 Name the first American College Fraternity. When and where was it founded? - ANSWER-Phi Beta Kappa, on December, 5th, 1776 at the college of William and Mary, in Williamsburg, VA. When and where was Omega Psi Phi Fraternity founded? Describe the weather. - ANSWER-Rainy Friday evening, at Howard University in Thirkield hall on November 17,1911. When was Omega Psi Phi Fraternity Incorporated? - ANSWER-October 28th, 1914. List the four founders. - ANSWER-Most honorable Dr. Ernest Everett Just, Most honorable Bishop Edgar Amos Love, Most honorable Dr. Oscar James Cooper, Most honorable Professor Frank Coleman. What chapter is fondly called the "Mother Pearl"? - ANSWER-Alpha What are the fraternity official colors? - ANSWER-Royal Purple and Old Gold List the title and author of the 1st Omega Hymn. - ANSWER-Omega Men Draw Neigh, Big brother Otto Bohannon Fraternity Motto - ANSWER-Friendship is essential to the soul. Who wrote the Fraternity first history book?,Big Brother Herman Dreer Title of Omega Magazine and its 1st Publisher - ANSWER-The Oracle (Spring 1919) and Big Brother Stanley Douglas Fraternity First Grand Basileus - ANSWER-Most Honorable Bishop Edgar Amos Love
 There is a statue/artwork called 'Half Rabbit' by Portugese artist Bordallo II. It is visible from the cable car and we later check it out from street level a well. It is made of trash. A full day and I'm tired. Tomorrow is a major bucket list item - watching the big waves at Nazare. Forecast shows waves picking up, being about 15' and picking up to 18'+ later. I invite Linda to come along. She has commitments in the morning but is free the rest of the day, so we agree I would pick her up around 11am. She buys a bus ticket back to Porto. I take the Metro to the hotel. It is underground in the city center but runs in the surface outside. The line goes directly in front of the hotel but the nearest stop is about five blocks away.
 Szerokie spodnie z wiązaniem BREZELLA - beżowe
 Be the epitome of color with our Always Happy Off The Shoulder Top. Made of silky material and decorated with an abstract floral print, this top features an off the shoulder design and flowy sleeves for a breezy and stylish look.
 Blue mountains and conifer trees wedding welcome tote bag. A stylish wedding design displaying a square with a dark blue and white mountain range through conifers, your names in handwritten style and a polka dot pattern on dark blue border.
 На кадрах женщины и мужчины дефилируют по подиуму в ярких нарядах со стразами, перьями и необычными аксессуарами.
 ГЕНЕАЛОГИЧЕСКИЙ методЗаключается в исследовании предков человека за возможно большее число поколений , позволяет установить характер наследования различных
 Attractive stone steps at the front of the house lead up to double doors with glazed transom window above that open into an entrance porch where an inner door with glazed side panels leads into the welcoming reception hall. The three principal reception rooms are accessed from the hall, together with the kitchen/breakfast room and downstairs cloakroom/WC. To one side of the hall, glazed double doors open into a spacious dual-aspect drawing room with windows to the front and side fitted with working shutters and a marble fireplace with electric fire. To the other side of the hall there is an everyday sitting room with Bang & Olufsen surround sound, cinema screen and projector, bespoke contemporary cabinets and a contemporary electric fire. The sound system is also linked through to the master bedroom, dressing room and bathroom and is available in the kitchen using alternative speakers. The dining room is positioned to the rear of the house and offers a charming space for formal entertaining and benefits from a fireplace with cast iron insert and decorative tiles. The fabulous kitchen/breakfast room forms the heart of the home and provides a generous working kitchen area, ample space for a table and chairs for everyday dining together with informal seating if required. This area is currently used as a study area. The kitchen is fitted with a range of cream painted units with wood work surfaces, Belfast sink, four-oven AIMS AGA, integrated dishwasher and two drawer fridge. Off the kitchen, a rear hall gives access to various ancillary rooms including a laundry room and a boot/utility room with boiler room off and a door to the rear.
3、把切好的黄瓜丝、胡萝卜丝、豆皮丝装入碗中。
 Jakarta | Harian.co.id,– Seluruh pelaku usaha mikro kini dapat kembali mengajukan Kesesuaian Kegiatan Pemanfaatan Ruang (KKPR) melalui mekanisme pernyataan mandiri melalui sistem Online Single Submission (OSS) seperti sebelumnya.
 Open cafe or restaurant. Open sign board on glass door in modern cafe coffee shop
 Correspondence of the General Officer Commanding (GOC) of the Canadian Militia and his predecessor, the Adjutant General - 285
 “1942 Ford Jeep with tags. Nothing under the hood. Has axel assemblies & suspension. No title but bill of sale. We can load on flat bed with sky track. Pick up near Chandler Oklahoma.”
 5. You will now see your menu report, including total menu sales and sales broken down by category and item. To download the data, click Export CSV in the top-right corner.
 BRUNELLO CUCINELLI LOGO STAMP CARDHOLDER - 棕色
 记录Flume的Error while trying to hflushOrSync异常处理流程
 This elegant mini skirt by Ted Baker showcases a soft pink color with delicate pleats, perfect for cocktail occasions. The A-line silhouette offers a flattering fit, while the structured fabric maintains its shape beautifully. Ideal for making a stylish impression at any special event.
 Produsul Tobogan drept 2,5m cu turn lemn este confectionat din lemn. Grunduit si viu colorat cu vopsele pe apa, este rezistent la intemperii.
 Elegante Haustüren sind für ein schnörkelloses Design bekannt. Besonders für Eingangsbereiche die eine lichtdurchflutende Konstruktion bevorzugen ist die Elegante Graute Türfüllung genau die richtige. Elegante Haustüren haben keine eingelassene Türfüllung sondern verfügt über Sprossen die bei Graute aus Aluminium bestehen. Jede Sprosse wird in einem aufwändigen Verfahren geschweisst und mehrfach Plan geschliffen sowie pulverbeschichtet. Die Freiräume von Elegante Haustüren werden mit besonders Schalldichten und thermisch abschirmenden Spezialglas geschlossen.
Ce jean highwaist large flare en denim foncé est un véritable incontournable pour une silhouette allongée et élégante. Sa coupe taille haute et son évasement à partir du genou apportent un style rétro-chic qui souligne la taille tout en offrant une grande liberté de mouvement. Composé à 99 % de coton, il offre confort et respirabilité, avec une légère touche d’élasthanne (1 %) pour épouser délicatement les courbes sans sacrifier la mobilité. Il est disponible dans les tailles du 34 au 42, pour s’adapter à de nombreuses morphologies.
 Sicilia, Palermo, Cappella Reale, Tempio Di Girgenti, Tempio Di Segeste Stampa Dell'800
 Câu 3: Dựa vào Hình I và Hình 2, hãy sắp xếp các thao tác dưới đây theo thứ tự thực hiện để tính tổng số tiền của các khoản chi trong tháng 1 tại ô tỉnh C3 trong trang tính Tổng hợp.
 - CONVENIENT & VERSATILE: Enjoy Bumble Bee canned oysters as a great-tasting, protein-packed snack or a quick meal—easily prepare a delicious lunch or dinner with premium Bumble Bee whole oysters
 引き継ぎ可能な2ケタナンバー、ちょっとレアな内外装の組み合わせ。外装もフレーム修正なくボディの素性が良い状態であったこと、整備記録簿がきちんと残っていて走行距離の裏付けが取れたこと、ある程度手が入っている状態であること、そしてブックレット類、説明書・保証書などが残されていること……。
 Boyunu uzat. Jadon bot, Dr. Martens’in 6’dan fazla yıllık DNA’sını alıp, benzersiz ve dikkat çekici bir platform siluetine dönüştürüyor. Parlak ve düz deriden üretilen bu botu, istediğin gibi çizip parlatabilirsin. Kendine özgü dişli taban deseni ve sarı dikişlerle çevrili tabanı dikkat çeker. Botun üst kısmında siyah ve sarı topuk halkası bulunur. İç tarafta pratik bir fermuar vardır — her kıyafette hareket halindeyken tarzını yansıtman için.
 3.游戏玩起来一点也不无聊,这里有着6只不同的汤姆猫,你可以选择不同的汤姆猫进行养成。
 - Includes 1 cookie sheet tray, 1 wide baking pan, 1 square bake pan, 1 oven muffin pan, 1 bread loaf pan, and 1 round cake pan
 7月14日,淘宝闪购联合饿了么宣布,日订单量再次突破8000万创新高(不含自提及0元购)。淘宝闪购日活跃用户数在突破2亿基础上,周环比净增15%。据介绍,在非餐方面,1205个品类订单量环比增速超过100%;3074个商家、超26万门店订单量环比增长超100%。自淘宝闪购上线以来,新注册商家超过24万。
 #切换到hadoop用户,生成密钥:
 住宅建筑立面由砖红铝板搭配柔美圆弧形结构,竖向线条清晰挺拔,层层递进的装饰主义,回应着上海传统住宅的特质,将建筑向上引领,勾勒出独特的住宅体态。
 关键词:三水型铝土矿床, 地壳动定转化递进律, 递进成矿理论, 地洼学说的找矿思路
:::::
- **Work task**
Go through the listing above and pull out each line containing the word "square".

- **Response below**
 Blue mountains and conifer trees wedding welcome tote bag. A stylish wedding design displaying a square with a dark blue and white mountain range through conifers, your names in handwritten style and a polka dot pattern on dark blue border.
 - Includes 1 cookie sheet tray, 1 wide baking pan, 1 square bake pan, 1 oven muffin pan, 1 bread loaf pan, and 1 round cake pan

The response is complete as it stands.